Successfully achieving these steps, the flow will exactly resume at the ret
instruction, pointed by the corrupted EIP
, which will pop the address on top of the stack and jumps to it. This will make the wanted jump to the resolved API with no call
instruction. Furthermore, after executing the resolved API code, the flow resumes at the previously saved address of the manually built stack frame (step no. 2). This will make the flow resume at the instruction after the ret
, successfully returning back to the previous normal flow before the int 3
instruction. Not to forget, this technique makes the dynamic code analysis harder, because you will deal with hundreds of debugger traps everywhere in the code.
Moreover, inserting ret
instructions everywhere in the code tricks the disassemblers when trying to identify functions. Some disassemblers use ret
instructions to identify the end of the functions. This makes another layer of complication using this anti-disassembly technique.
To overcome all this, we need to create a script which parses the code section of the sample, in order to fix those complication.
We can create a small IDA Python script to search for the opcodes int 3
and ret
, and then patch them to be call EAX
. This means that we are looking for the bytes 0xCCC3
, then we patch them to be 0xFFD0
. The script is below:
import idautils
import idaapi
import ida_search
def get_text_section ():
for seg in idautils.Segments():
if idc.get_segm_name(seg) == ".text":
return [idc.get_segm_start(seg), idc.get_segm_end(seg)]
def search_N_patch(pattern, patch):
search_range = []
search_range = get_text_section()
flag = True
while(flag): # The value 16 is the default.
addr = ida_search.find_binary(search_range[0], search_range[1], pattern, 16, ida_search.SEARCH_DOWN)
idc.patch_word(addr,patch)
if (addr == ida_idaapi.BADADDR or addr >= search_range[1]):
flag = False
pattern = 'cc c3' # int 3 ret
patch = 0xd0ff # call eax (Little Endian)
search_N_patch(pattern,patch)
PS: This script only alters the IDA database and not the actual binary. To patch the sample in order to open it in a debugger, use the pefile
python library instead.
Now, using hashdb as well as our IDA Python script, we have a better chance to understand Dridex functionality. First, we edit the data types of the mw_API_Resolver
arguments to be hashdb_strings_crc32
enum instead of integers. This in order to make IDA Pro automatically resolve the hashes, Secondly, we use IDA Pro Xrefs to know which API is being resolved at any particular location.
Strings Decryption
Dridex contains a lot of malicious functionality. From simple host profiling up to DLL hijacking, there are a lot to cover when reversing Dridex. I will not dive deeply into all of its functionality, I will rather focus on the interesting parts only. To get the most of its intentions, you need to decrypt all the embedded strings.
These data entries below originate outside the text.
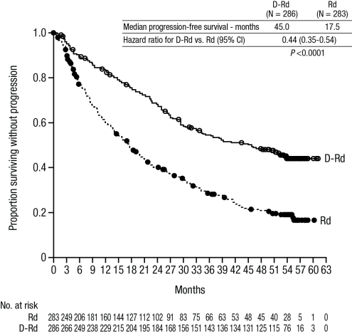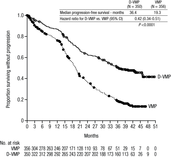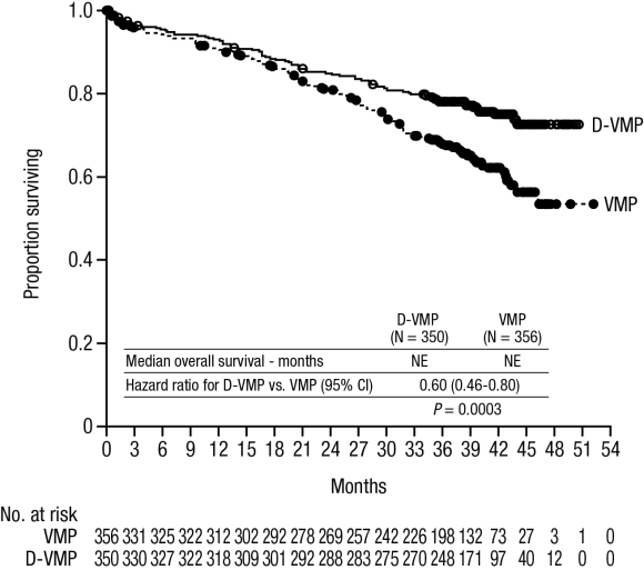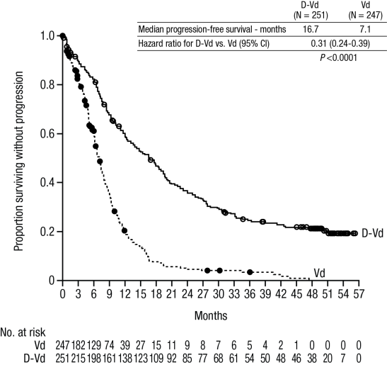 DVd=daratumumab- bortezomib-dexamethasone; Vd=bortezomib-dexamethasone; MRD=minimal residual disease; CI=confidence interval; NE=not estimable.
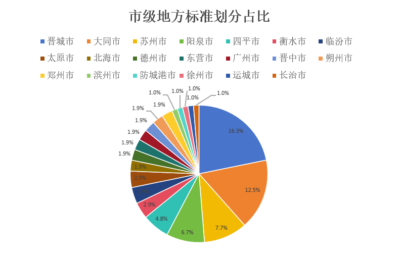 從省級(jí)行政區(qū)域來看,廣東、江蘇、山東、河南、河北、山西、廣西、吉林、海南等八個(gè)?。ㄗ灾螀^(qū))均有涉及。從市級(jí)行政區(qū)域來看,晉城市地方標(biāo)準(zhǔn)17項(xiàng),占比16.3%;大同市地方標(biāo)準(zhǔn)13項(xiàng),占比12.5%;蘇州市地方標(biāo)準(zhǔn)8項(xiàng),占比7.7%;陽泉市地方標(biāo)準(zhǔn)7項(xiàng),占比6.7%;四平市地方標(biāo)準(zhǔn)5項(xiàng),占比4.8%。此外,衡水、太原、臨汾各3項(xiàng),廣州、鄭州、北海、德州、東營(yíng)、晉中、朔州各2項(xiàng);徐州、濱州、防城港、長(zhǎng)治、運(yùn)城各1項(xiàng)。
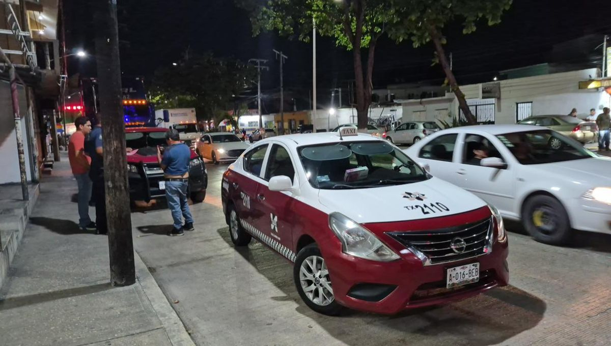 Sin embargo, en ese momento, el conductor de un automóvil Nissan Versa habilitado como taxi, en colores rojo y blanco, con número económico 2110 y placas del estado de Campeche, realizó un frenado repentino. Esto provocó que el operador de la pesada unidad también frenara de forma abrupta, aunque no logró evitar impactar levemente la parte trasera del vehículo de alquiler.
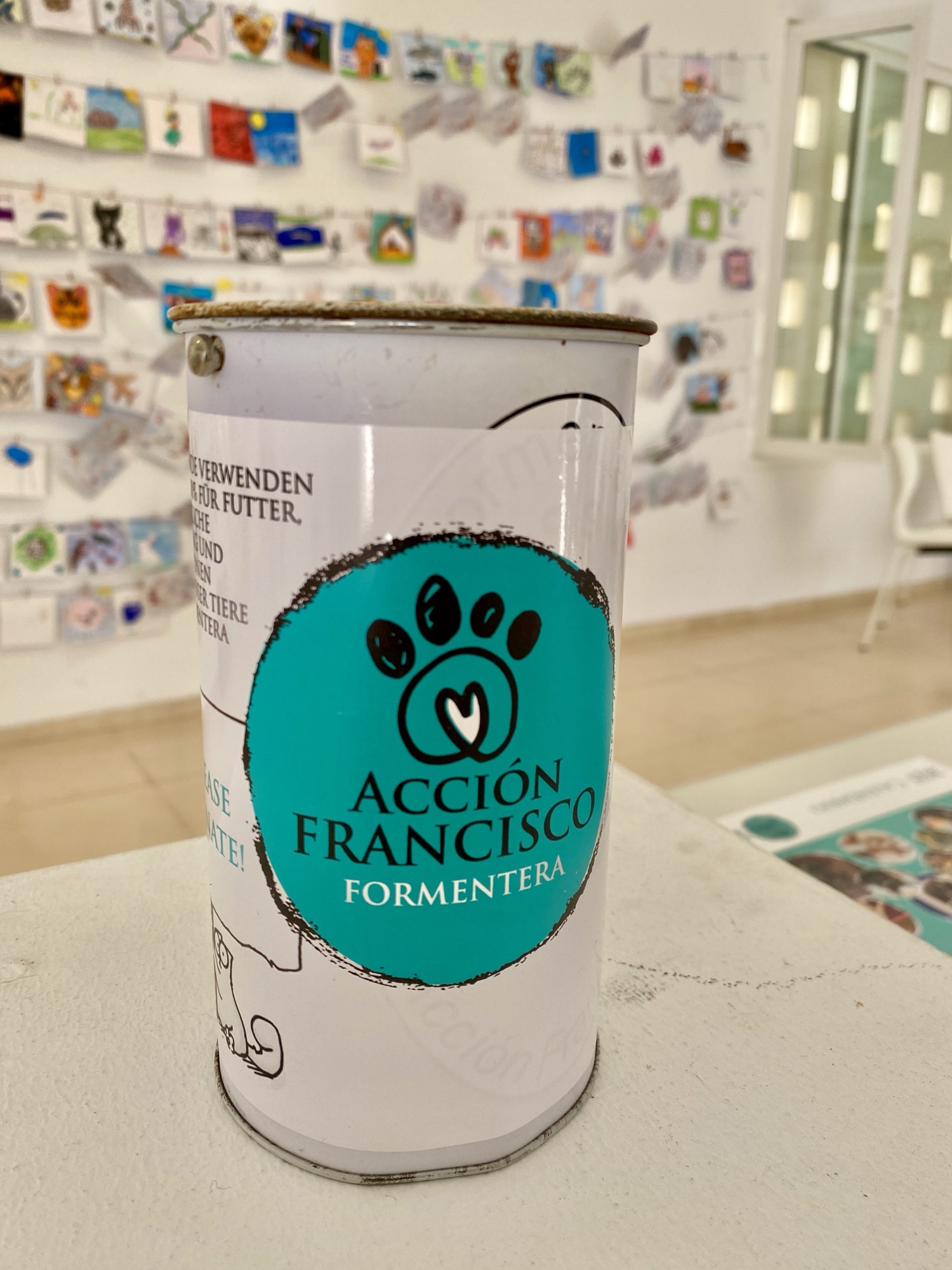 Eine gelungene Ausstellung ging zuende. Man hat mit dem Verkauf der Postkarten, Kalender und der Werke von Sol Courréges und Nicolas Maas 1000€ erzielt. Aber das ist nur das Futter für ca. einen Monat. Man braucht mehr. Deshalb bittet man um kleine Beiträge für die Spendendose, die man in fast allen Geschäften der Insel findet.

They are stored on the .rdata
section in chunks. These strings are used as parameters with the resolved APIs to perform certain malicious impact.
We can use the amazing capa tool from Mandiant to find out if it can detect any encryption algorithms. Fortunately, capa was able to identify RC4 is being used at sub_61E5D0
. Also, from capa’s output, we can detect the operation: “key modulo its length” at the address 0x61E657
.
From here, we can trace the Xrefs to sub_61E5D0
to find out where the key is located and what is the key length. Taking the last Xref, at sub_607B30
, we can trace back the function arguments to find that the key is loaded from a certain offset at the .rdata
section. The key length is 40 bytes and the data to decrypted starts after the key. As a consequence, we can deduce that for every chunk of data, their decryption key is the first 40 bytes then followed by the encrypted data. Also from other threat intel resources, we can know that Dridex stores the decryption key bytes in a reverse order.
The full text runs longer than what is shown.